> [WORK ORDER]: Write out the whole listing exactly; no images belong in it.

> [AVAILABLE DATA]:
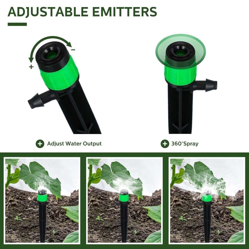 25Pcs Drip Irrigation Emitters 360° Sprayer Adjustable Flow Fits 4mm Tubing
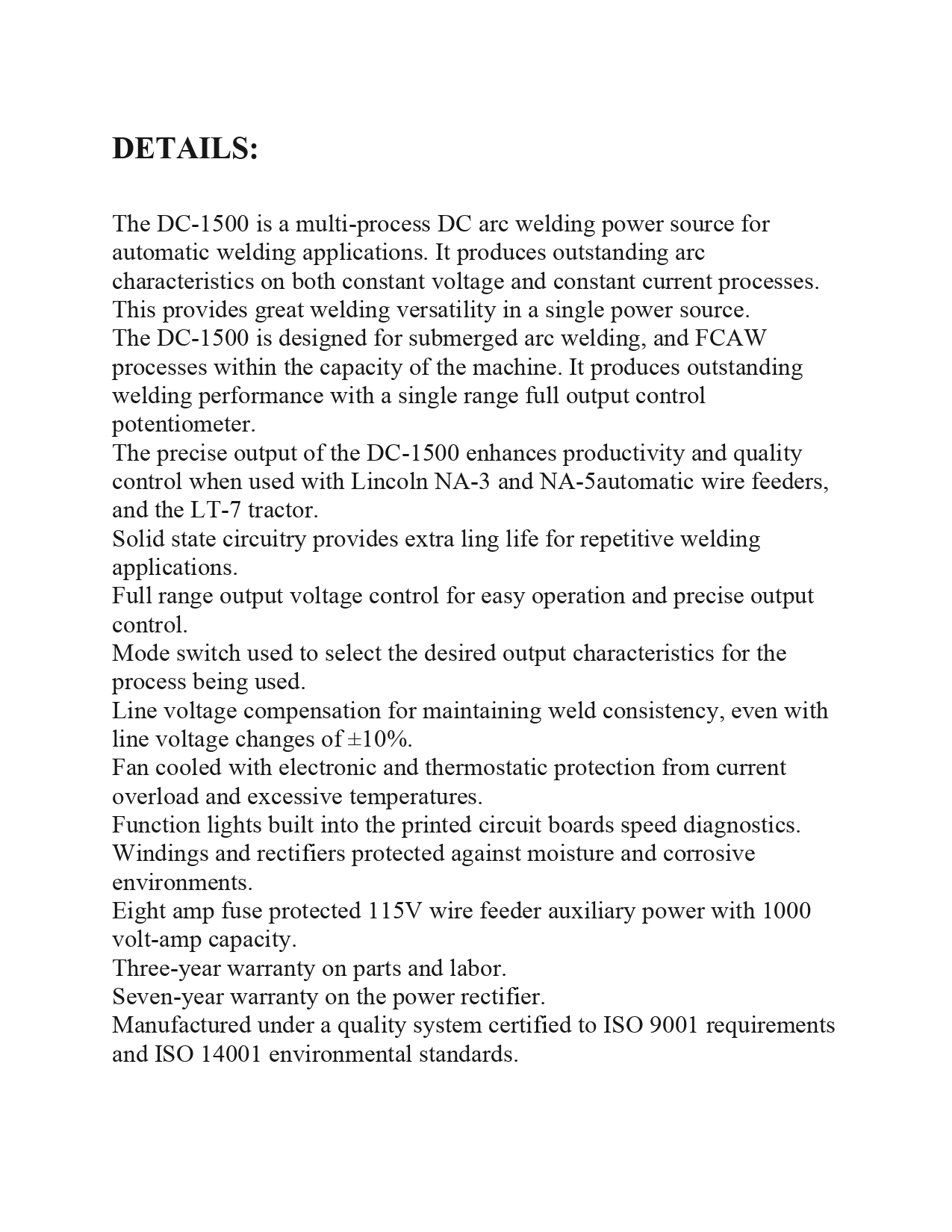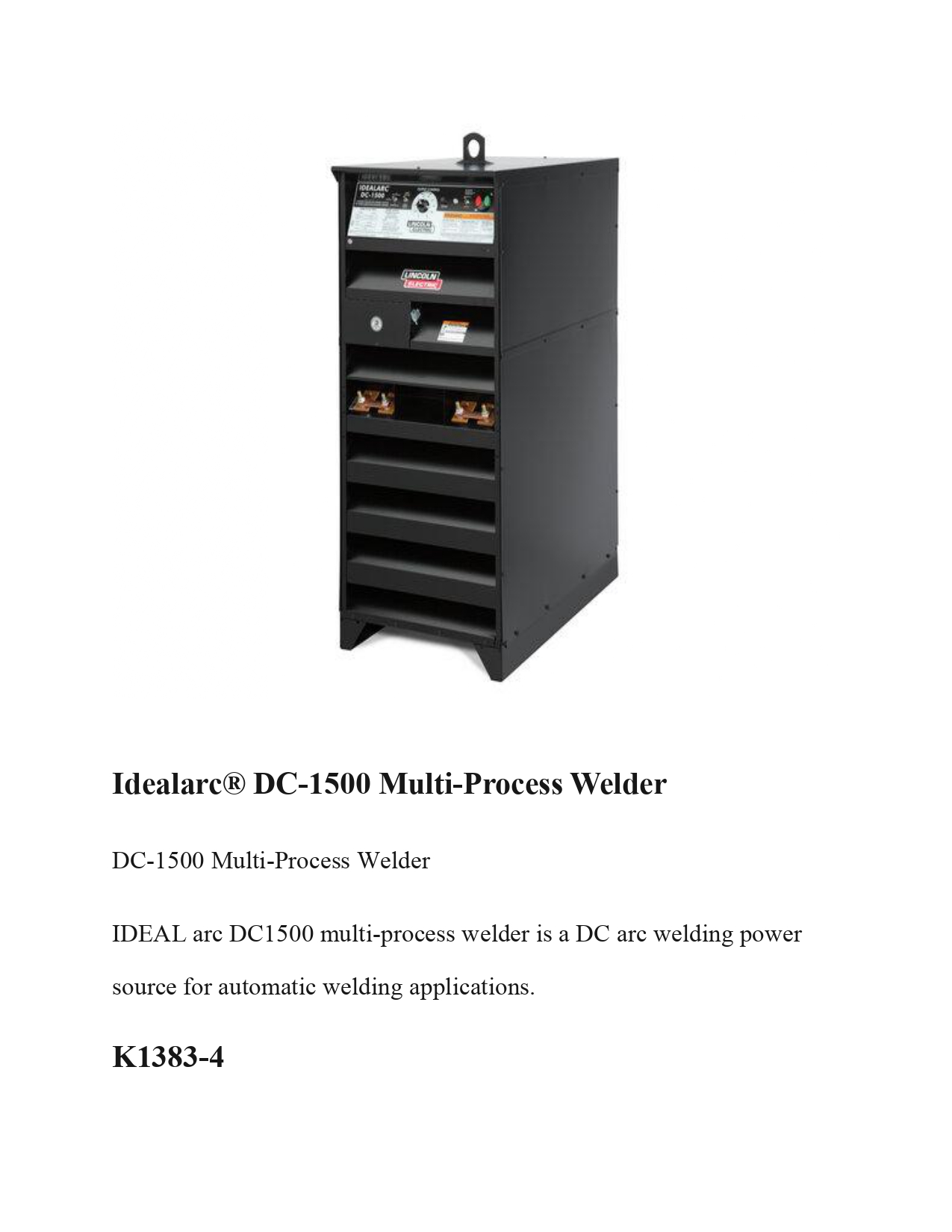 IDEAL arc DC1500 multi-process welder is a DC arc welding power source for automatic welding applications.
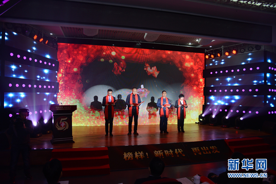 往届“中国网事·感动河北”年度网络人物段非、严爱国、苏俐、刘富琴共同登台朗诵诗歌《不忘初心 向善前行》。新华网秦家宝 摄
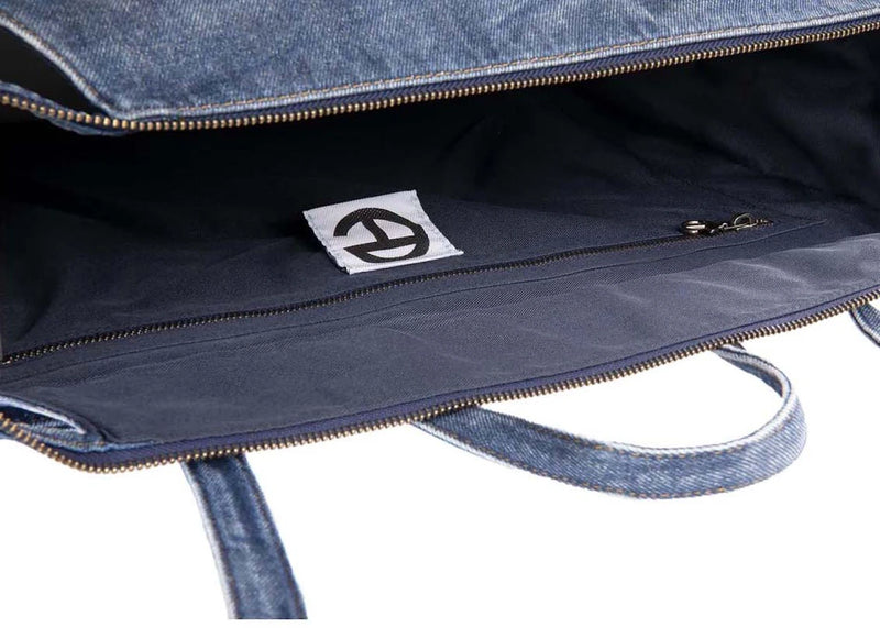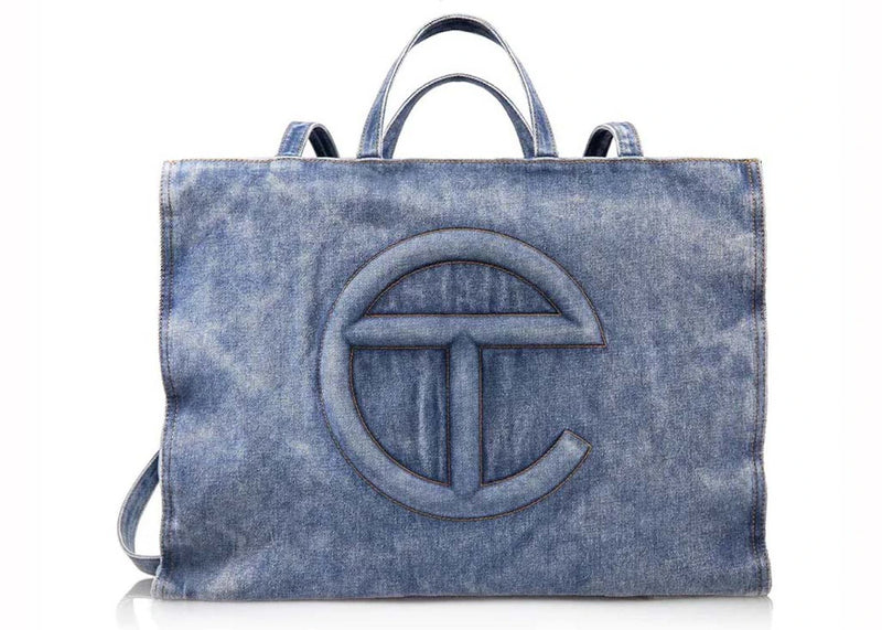 The Telfar Large Denim Shopping Bag Blue is now available at Side Kicks!

> [EXERCISE SOLUTION]:
 25Pcs Drip Irrigation Emitters 360° Sprayer Adjustable Flow Fits 4mm Tubing
 IDEAL arc DC1500 multi-process welder is a DC arc welding power source for automatic welding applications.
 往届“中国网事·感动河北”年度网络人物段非、严爱国、苏俐、刘富琴共同登台朗诵诗歌《不忘初心 向善前行》。新华网秦家宝 摄
 The Telfar Large Denim Shopping Bag Blue is now available at Side Kicks!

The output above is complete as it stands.